Group 21 (#GExprs: 7):
0: CLogicalSelect [ 14 20 ]
1: CLogicalSelect [ 29 20 ]
2: CPhysicalFilter [ 29 20 ]
Cost Ctxts:
main ctxt (stage 0)1.1, child ctxts:[0], rows:1.000000 (group), cost: 6.000371
3: CPhysicalFilter [ 14 20 ]
Cost Ctxts:
main ctxt (stage 0)8.1, child ctxts:[2], rows:1.000000 (group), cost: 431.000028
main ctxt (stage 0)1.1, child ctxts:[0], rows:1.000000 (group), cost: 431.000028
4: CPhysicalMotionHashDistribute HASHED: [ CScalarIdent "tradingday" (12), nulls colocated ], opfamilies: (0.1995.1.0), [ 21 ]
Cost Ctxts:
main ctxt (stage 0)0.0, child ctxts:[1], rows:1.000000 (group), cost: 6.000384
5: CPhysicalMotionRandom [ 21 ]
Cost Ctxts:
main ctxt (stage 0)2.0, child ctxts:[1], rows:1.000000 (group), cost: 6.000380
6: CPhysicalSort ( (0.664.1.0), "tradingday" (12), NULLsLast ) [ 21 ]
Cost Ctxts:
main ctxt (stage 0)5.0, child ctxts:[0], rows:1.000000 (group), cost: 6.000384
main ctxt (stage 0)3.0, child ctxts:[2], rows:1.000000 (group), cost: 6.000380
main ctxt (stage 0)10.0, child ctxts:[8], rows:1.000000 (group), cost: 431.000028
main ctxt (stage 0)4.0, child ctxts:[1], rows:1.000000 (group), cost: 6.000371
In group 21, motions are added. (group 21 is the child group of group 26)
in function CPhysicalInnerHashJoin::PppsRequired , it firstly derives the partition properties from child and then check if the join predicate containing the partition properties, if yes, then add partition selector operator to its children.
But in the below code
CPartitionPropagationSpec *
CPhysicalMotion::PppsRequired(CMemoryPool *mp, CExpressionHandle &,
CPartitionPropagationSpec *, ULONG,
CDrvdPropArray *, ULONG) const
{
// A motion is a hard barrier for partition propagation since it executes in a
// different slice; and thus it cannot require this property from its child
return GPOS_NEW(mp) CPartitionPropagationSpec(mp);
}
the motion node will not propagate any partition info to its parent nodes.

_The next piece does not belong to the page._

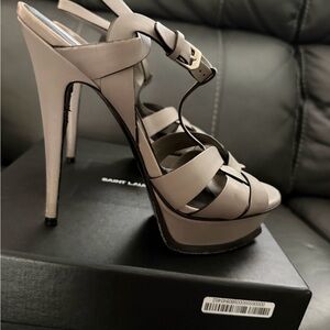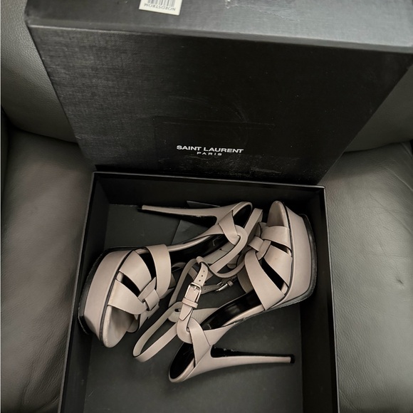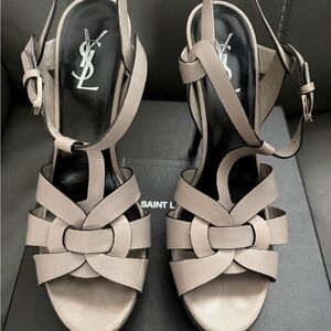 Yves Saint Laurent SIZE 39.5 Tribute T-Strap Sandals OYSTER GRAY

Then the partition selector cannot work
when function CPhysicalInnerHashJoin::PppsRequired called, the enforce node are not added yet, it can derive the partition properties from its current children sucessfully, but when any motion node is added below the partition selector, the plan cannot be generated.
Work around:
set optimizer_enable_partition_selection=off;
this can make the orca work for the above query.
But better to resolve it without setting the GUC manually. If we can know there will be any motion node added below the inner hashjoin, we can do it.